I was barely able to squeeze into a required course this winter session. Come spring, my last semester before I graduate, I struggled to build my class schedule.
The class filled up early and quickly, and it was difficult to organize a schedule that aligned with my work and social life.
Somehow, I managed to get into most of my classes, except for one.
Anthropology 4 was the last class I needed to get into my dream school, the University of California, Los Angeles, and I couldn’t even be waitlisted for it.
My counselor told me it was not available at ECC, but I could apply to a few other Los Angeles Community Colleges where this class was still available.
She also suggested I wait to see if people dropped the class after the last day to pay, but I knew it wasn’t guaranteed I’d get in.
Instead, I took her first piece of advice and enrolled in Los Angeles Harbor College, hoping that I would be accepted in enough time to get into the anthropology class I needed.
I was accepted within one day and was able to get into the anthropology class that I desperately needed.
Back at ECC, I was informed by the anthropology professor, Marianne Waters, that seats were suddenly available just days before the class started. This was puzzling, as there wasn’t even a waitlist opportunity a month before.
I wondered if this had to do with the ongoing fraudulent enrollment problem at ECC, and she confirmed that that was the case for her class.

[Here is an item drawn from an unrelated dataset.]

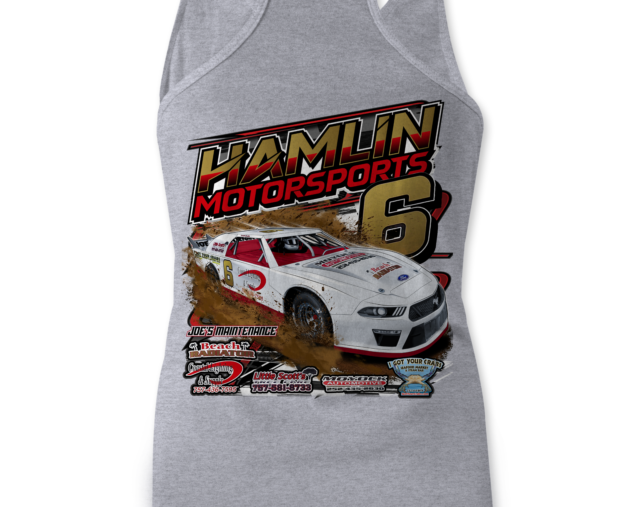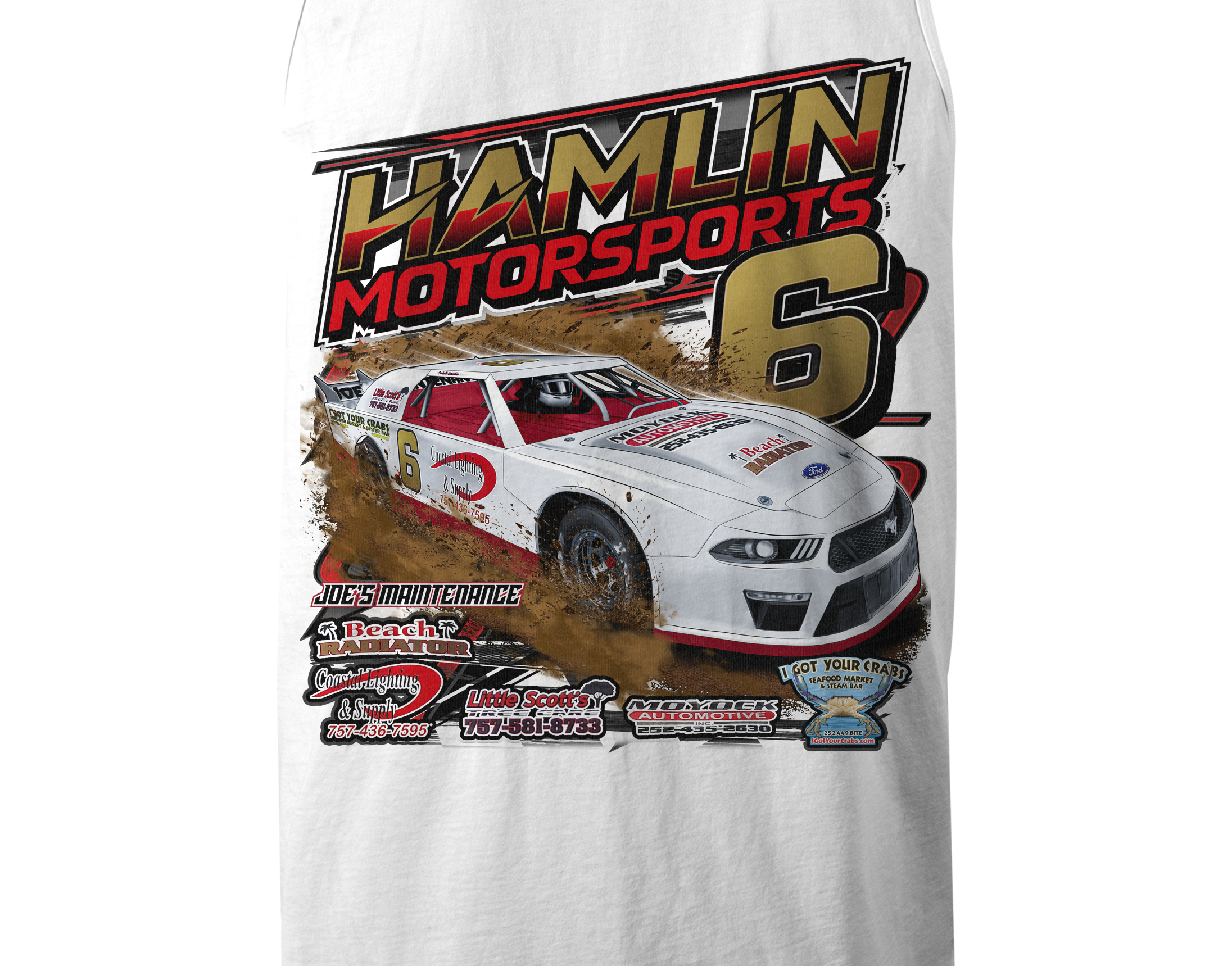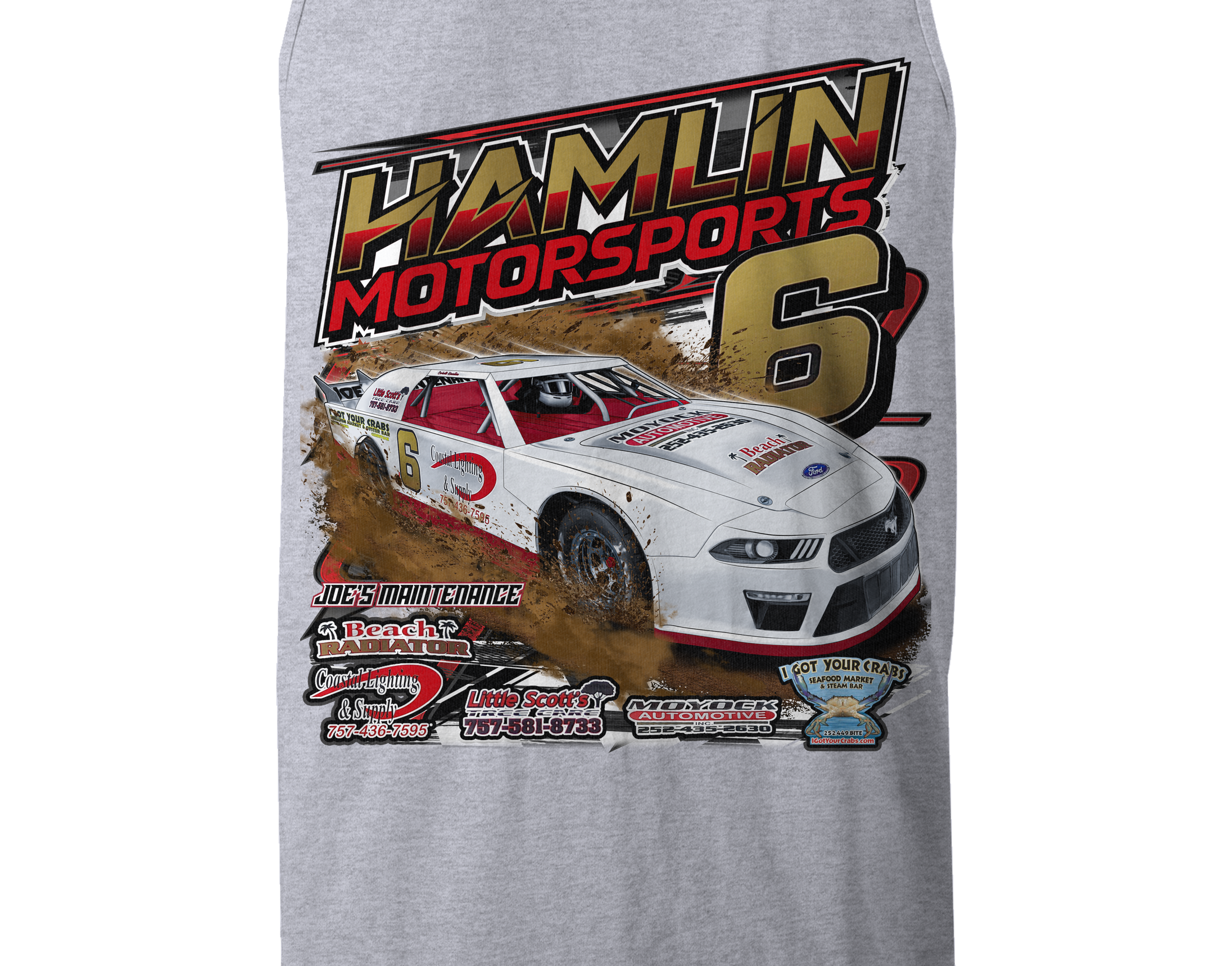 Support Hamlin Motorsports with their custom apparel! Available in Black, Sports Gray and White. Graphics are direct to garment printed with a left chest image and a full back image.

This breaks my heart for students like myself with big dreams dependent on education and for the professors who are passionate about educating.
This is the reality of being a student during these times, and extreme measures need to be put in place to fix this issue.
Education is powerful. It can lead to potentially great job opportunities that can change someone’s life.
It would be a shame for this potential to be taken away by fraudulent students.